AIM OF THE EXERCISE:
Look through the listing below for the line with "Un carport est" and the line with "Joy to the World". Copy both, along with every line between them, exactly and with no pictures.

MATERIAL FOR THIS EXERCISE:

┄┄┄┄┄┄┄┄┄┄┄┄┄┄┄┄┄┄┄┄

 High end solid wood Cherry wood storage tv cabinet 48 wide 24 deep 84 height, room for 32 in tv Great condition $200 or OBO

┄┄┄┄┄┄┄┄┄┄┄┄┄┄┄┄┄┄┄┄

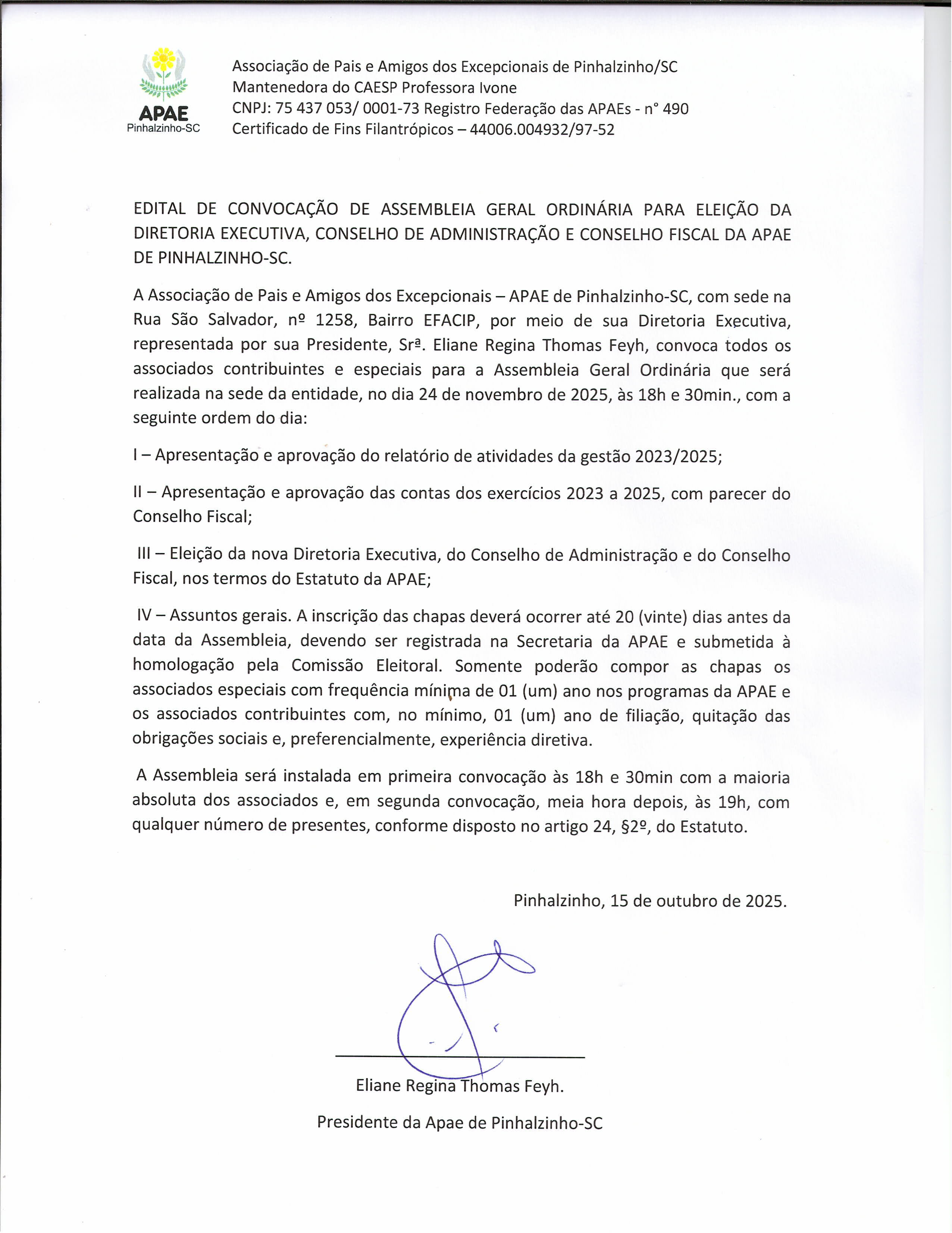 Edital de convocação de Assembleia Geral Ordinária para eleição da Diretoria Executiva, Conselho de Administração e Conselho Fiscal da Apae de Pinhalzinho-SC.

┄┄┄┄┄┄┄┄┄┄┄┄┄┄┄┄┄┄┄┄

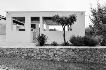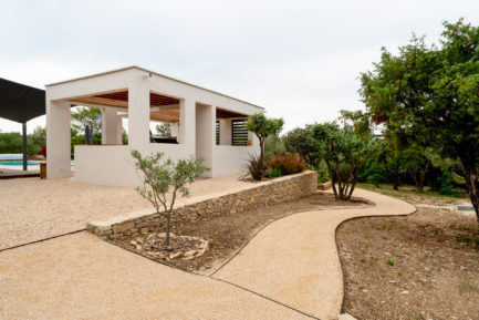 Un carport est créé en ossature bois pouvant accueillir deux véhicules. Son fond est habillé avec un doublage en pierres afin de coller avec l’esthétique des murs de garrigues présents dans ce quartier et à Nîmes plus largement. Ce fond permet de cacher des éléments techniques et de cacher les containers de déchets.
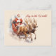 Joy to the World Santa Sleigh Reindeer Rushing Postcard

┄┄┄┄┄┄┄┄┄┄┄┄┄┄┄┄┄┄┄┄

PROBLEM SOLUTION:
 Un carport est créé en ossature bois pouvant accueillir deux véhicules. Son fond est habillé avec un doublage en pierres afin de coller avec l’esthétique des murs de garrigues présents dans ce quartier et à Nîmes plus largement. Ce fond permet de cacher des éléments techniques et de cacher les containers de déchets.
 Joy to the World Santa Sleigh Reindeer Rushing Postcard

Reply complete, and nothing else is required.